Pandemic Diary 21: Reasons to ‘Smile’

“Buck up—never say die—we’ll get along.”

* * * *
Charlie Chaplin never published lyrics for the piece of music with which he concluded his 1936 film, Modern Times. The Tramp’s last gesture to the Gamine (Paulette Goddard) before the two literally walk off toward the sunset is to point to his mouth and draw a line up along his cheek.

“What’s the use in trying,” she had asked a moment earlier. The two are on the side of a road with no cars to hitch a ride, with all they own in kerchiefs on sticks. “Buck up—never say die—we’ll get along,” the Tramp’s last title card reads. The two walk off down the road and instrumental music swells and the film ends:


Chaplin referred to it as a the “Love Theme from Modern Times,” if he referred to it at all. He had written a great deal of music for many of his films, but the place of Modern Times in his history and in cinema history was established almost from the point of its release: the film was acclaimed as one of his triumphs and it remains on lists of all-time classic films to this day.

Thus the tune that plays as his character makes the smile gesture with his hand, and the Tramp and the Gamine cheer one another with smiles and make their way into the rest of whatever comes after movie credits end came to be known as “Smile.” In 1954, English lyricists John Turner and Geoffrey Parsons added lyrics, gave the song its title, and Nat King Cole recorded a top ten hit version.

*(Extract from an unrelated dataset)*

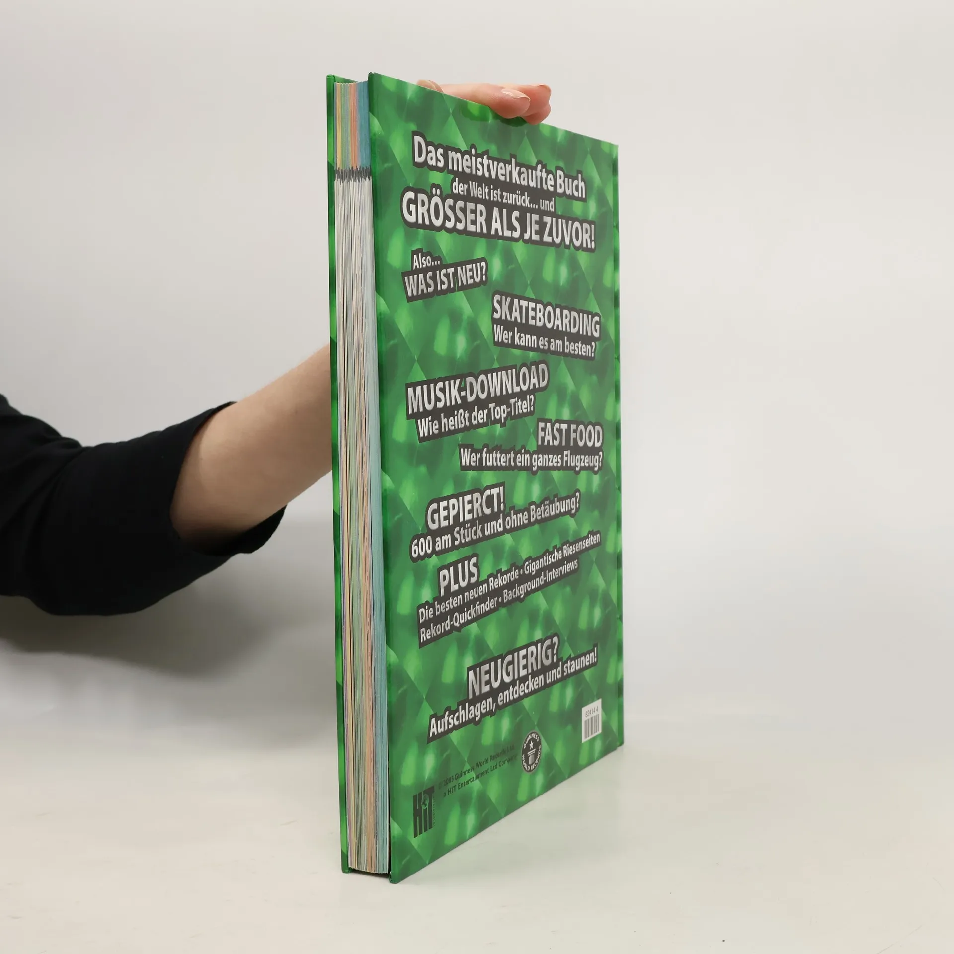 §Skateboarding! Wer kann es am besten?§Musik-Download! Wie heißt der Top-Titel?§Fast Food! Wer futtert ein ganzes Flugzeug?§Gepierct! 600 am Stück und ohne Betäubung?§Plus: Die besten neuen Rekorde. Gigantische Riesenseiten. Rekord-Quickfinder. Background-Interviews.§Neugierig? Aufschlagen, entdecken und staunen!

The lyrics are schmaltzy, and even though the official Charlie Chaplin website devotes a page to the song’s history and reprints the lyrics, the page offers no editorial comment about the lyrics beyond this plain statement: “The film soundtrack is only instrumental, but the Turner and Parsons lyrics must have been inspired by this scene.” The page embeds the closing scene of Modern Times.

Chaplin’s tune was not noteworthy for its absence of lyrics, and the lyric is more insistent and bossy in its instruction to smile than the moment in Chaplin’s film depicts. The speaker in the song simply tells some unknown person who is not smiling that he or she ought to

Smile, though your heart is aching
Smile, even though it’s breaking
When there are clouds in the sky
you’ll get by
If you smile through your fear and sorrow
Smile and maybe tomorrow
You’ll see the sun come shining through
for you

Chaplin’s Tramp tells the Gamine, “We’ll get along.” That simple sentence—one of partnership, community, friendship, love—is a vitally different one from “You’ll get by.” Okay, if I am supposed to smile “even though my heart is breaking,” what are you doing, person singing this song? Oh, right, you have another verse to sing …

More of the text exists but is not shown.